Book vs. Movie: Every Day by David LevithanTitle: Every Day (Every Day #1)
Author: David Levithan
Narrator: Alex McKenna
Publisher: Listening Library
Cast: Angourie Rice, Justice Smith, Debby Ryan
Director: Michael Sucsy
Screenplay: Jesse Andrews
Publication Date: August 28, 2012

four-stars
Summary (from Goodreads):

Every day a different body. Every day a different life. Every day in love with the same girl.

There’s never any warning about where it will be or who it will be. A has made peace with that, even established guidelines by which to live: Never get too attached. Avoid being noticed. Do not interfere.
It’s all fine until the morning that A wakes up in the body of Justin and meets Justin’s girlfriend, Rhiannon. From that moment, the rules by which A has been living no longer apply. Because finally A has found someone he wants to be with—day in, day out, day after day.

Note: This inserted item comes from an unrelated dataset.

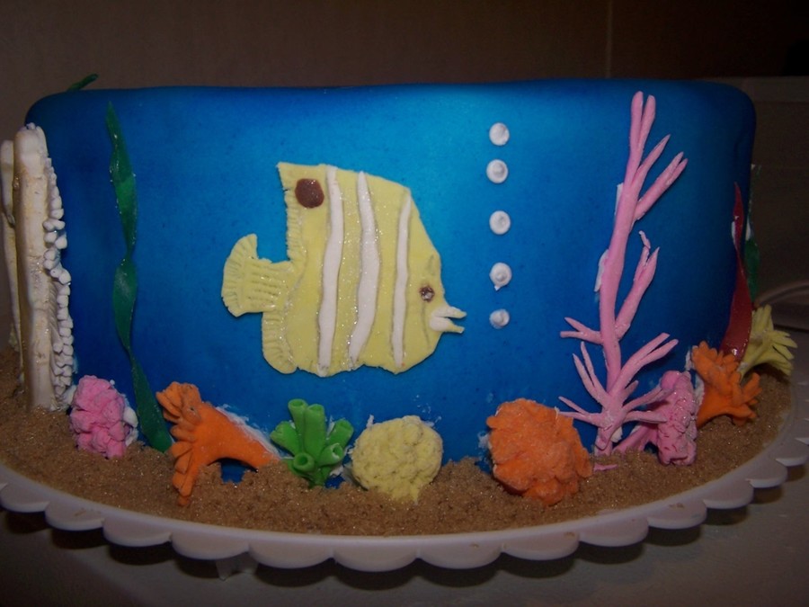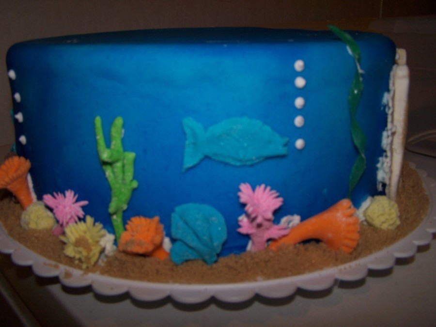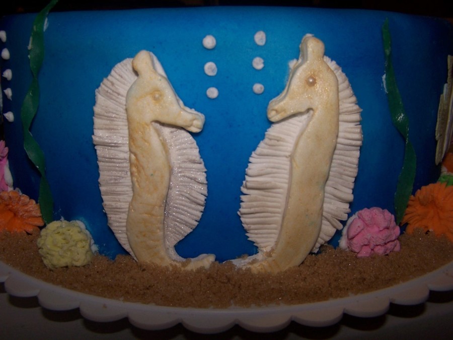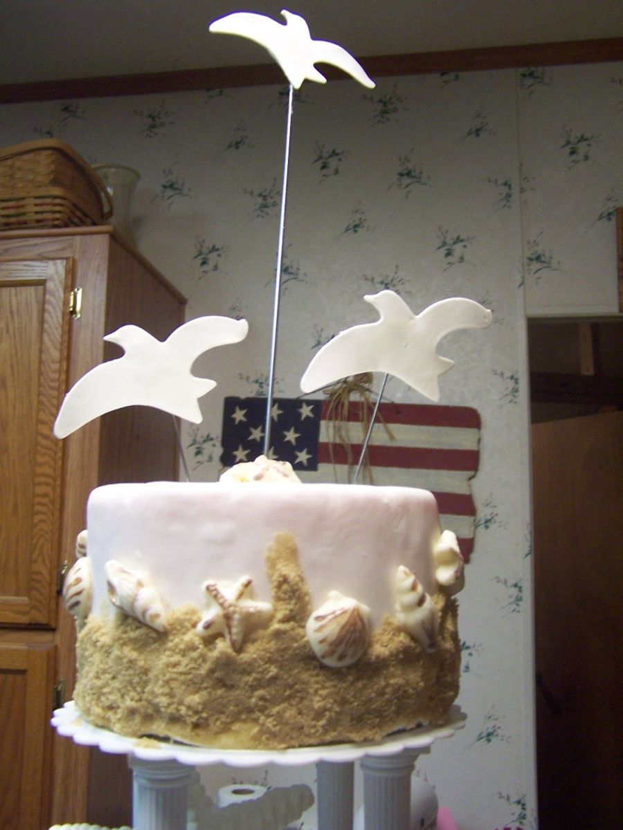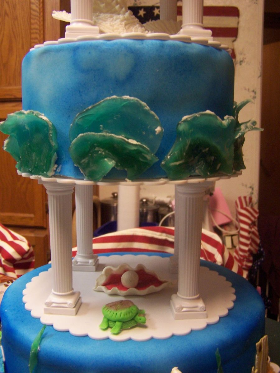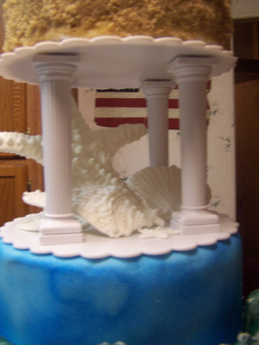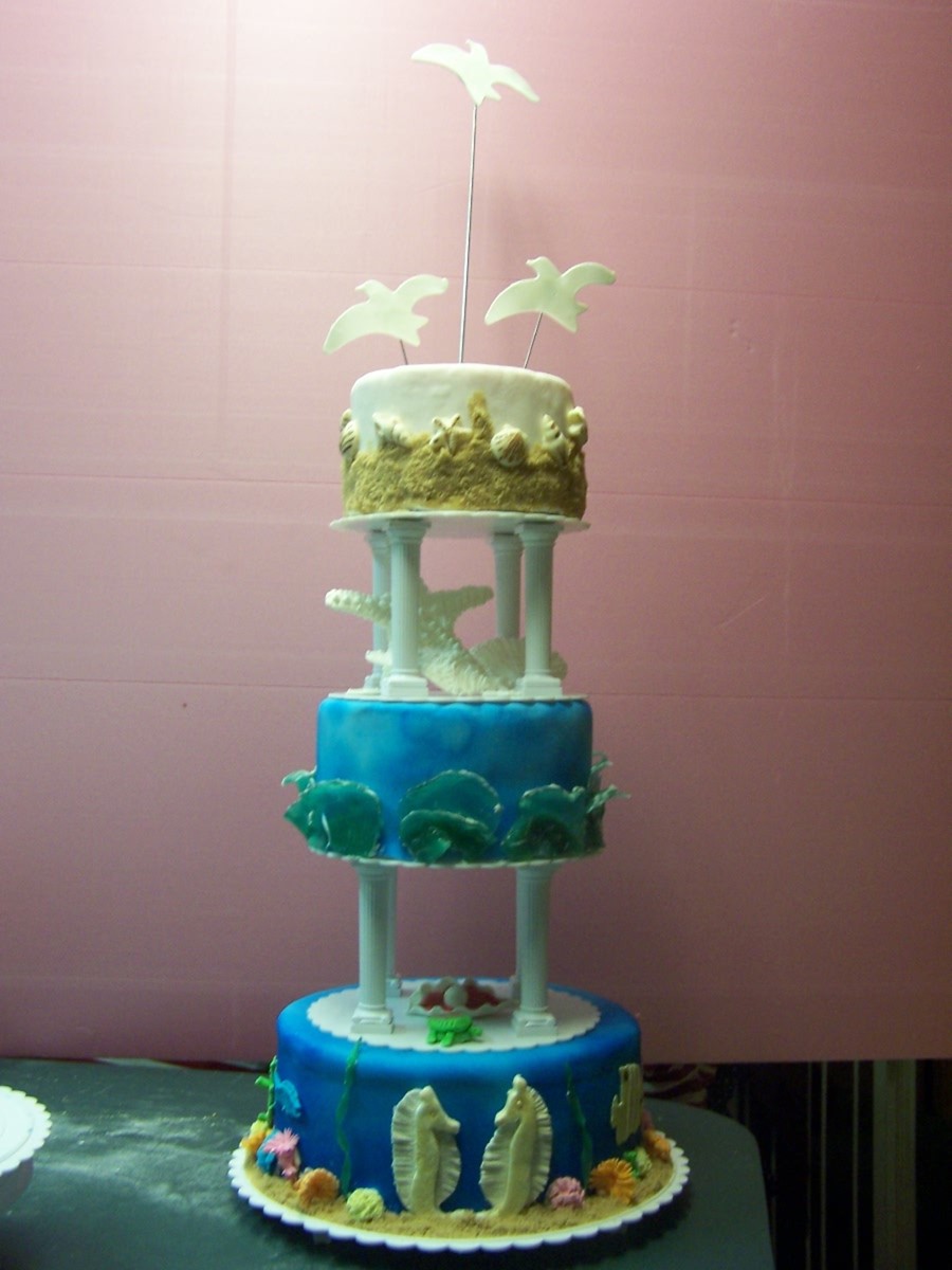 This is my first pillar cake. Topping the cake are gumpaste seagulls flying over a fondant beach with brown sugar sand and molded chocolate starfish and seashells. Between the tiers are royal icing starfish and seashells. The second tier are the waves made from hard candy. Between the second tier is a gumpaste clam w/pearl and sea turtle. The last tier has gumpaste coral and fish. I used fruit by the foot for seaweed and gumpaste for some of the coral. This cake won me best in show at our county fair. Woo hoo!
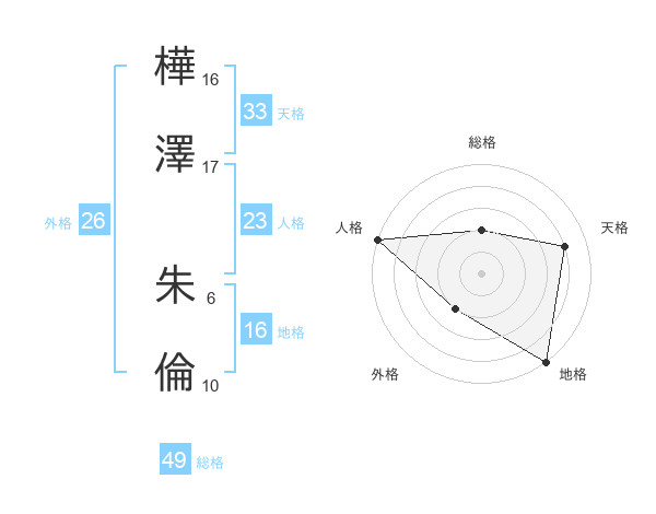 樺澤 朱倫さんの天格は33画の4点!

With his new novel, David Levithan, bestselling co-author of Will Grayson, Will Grayson, and Nick and Norah's Infinite Playlist, has pushed himself to new creative heights. He has written a captivating story that will fascinate listeners as they begin to comprehend the complexities of life and love in A’s world, as A and Rhiannon seek to discover if you can truly love someone who is destined to change every day.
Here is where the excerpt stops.